Data records
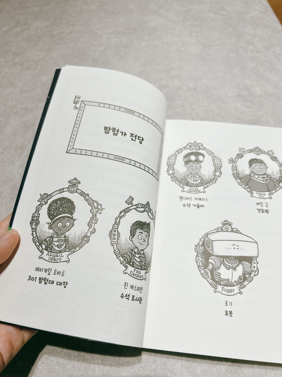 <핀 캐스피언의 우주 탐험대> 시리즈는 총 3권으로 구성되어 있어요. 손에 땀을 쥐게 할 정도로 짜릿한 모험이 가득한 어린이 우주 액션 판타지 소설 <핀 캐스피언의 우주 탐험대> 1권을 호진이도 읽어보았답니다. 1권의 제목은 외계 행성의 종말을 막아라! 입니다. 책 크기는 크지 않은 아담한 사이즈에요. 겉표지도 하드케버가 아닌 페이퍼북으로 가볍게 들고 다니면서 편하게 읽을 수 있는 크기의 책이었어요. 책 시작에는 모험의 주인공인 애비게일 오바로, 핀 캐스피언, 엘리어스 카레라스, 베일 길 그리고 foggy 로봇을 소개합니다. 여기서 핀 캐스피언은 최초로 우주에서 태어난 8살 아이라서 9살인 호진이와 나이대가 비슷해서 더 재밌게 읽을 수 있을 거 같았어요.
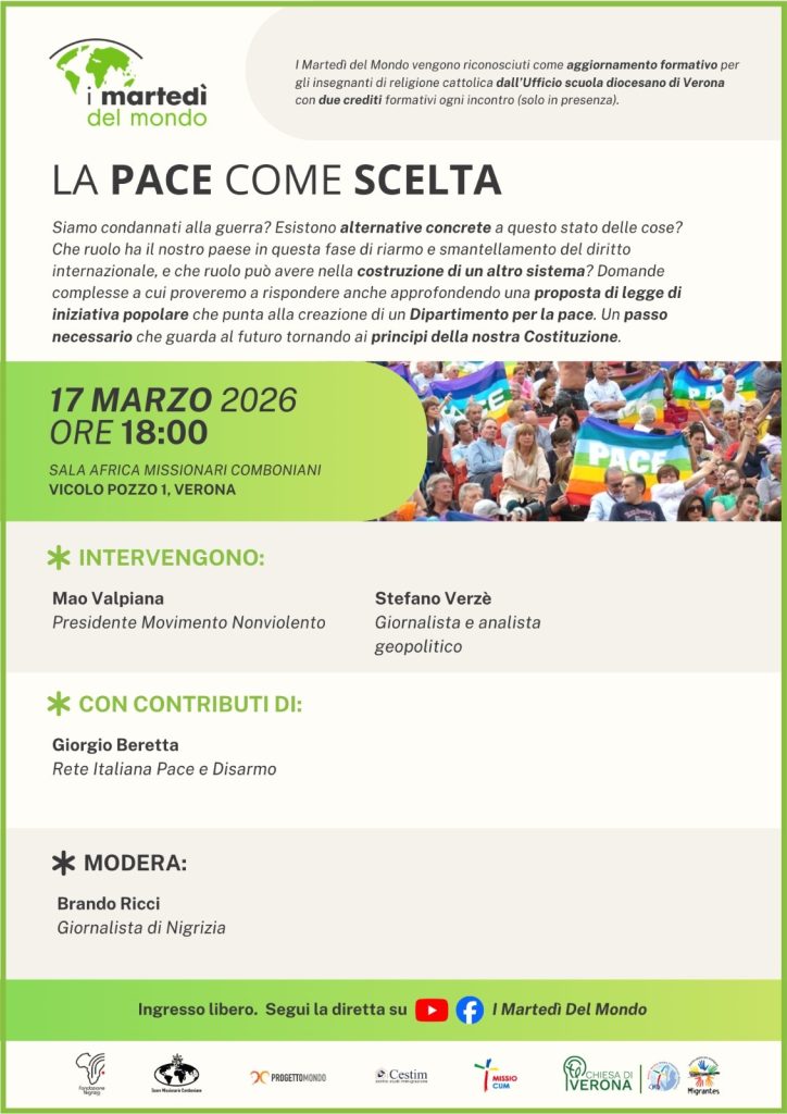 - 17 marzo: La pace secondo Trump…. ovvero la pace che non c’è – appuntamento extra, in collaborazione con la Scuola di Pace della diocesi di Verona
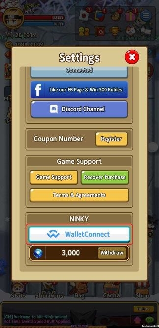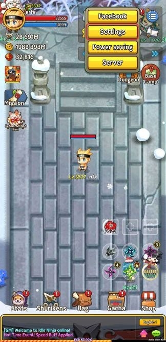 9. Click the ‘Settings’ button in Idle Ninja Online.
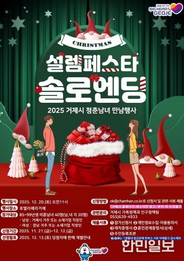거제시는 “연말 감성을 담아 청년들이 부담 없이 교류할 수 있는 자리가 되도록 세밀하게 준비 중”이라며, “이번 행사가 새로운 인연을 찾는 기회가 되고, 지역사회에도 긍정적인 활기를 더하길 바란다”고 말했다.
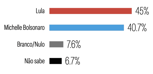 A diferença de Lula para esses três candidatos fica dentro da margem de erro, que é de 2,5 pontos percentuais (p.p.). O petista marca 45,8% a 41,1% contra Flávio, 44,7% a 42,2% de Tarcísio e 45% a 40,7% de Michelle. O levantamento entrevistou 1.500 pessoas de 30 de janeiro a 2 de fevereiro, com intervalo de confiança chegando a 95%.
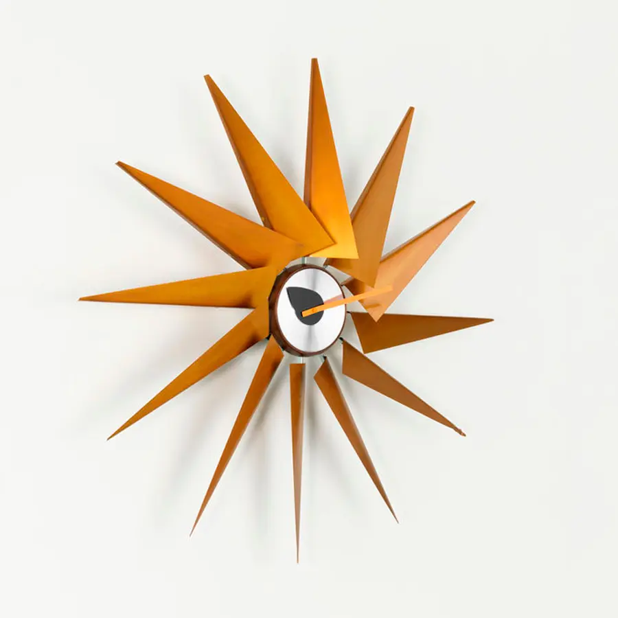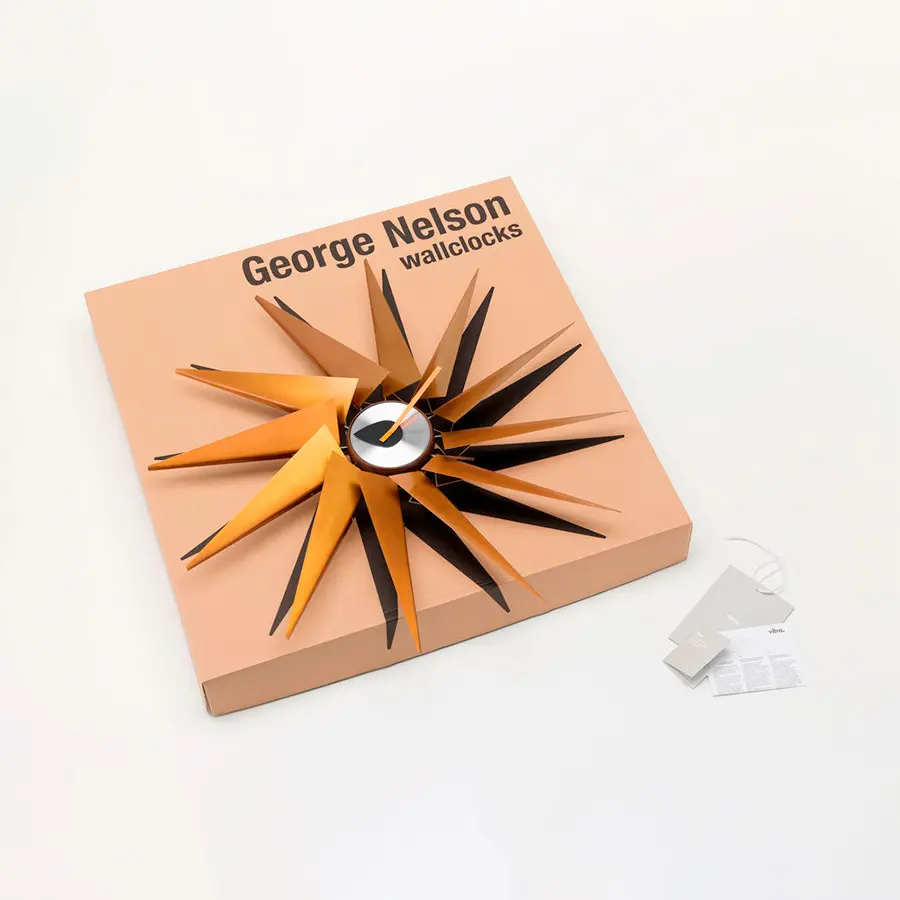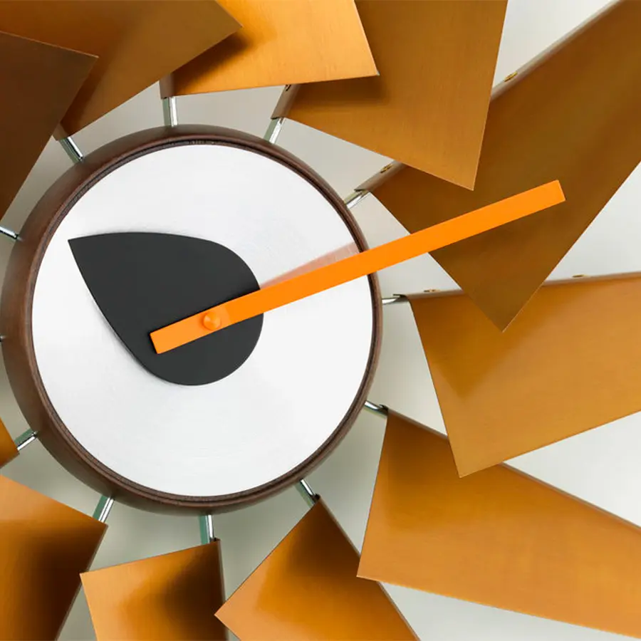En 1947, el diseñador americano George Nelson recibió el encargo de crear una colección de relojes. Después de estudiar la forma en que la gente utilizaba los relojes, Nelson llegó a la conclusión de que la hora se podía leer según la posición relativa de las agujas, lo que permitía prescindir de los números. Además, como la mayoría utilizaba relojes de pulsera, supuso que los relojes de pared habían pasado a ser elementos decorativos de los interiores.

_AIM OF THE EXERCISE_: The lines above from the line with "- 17 marzo: La" through the line with "9. Click the" are to be given again word for word, with no pictures among them.

_RESPONSE AREA_:
 - 17 marzo: La pace secondo Trump…. ovvero la pace che non c’è – appuntamento extra, in collaborazione con la Scuola di Pace della diocesi di Verona
 9. Click the ‘Settings’ button in Idle Ninja Online.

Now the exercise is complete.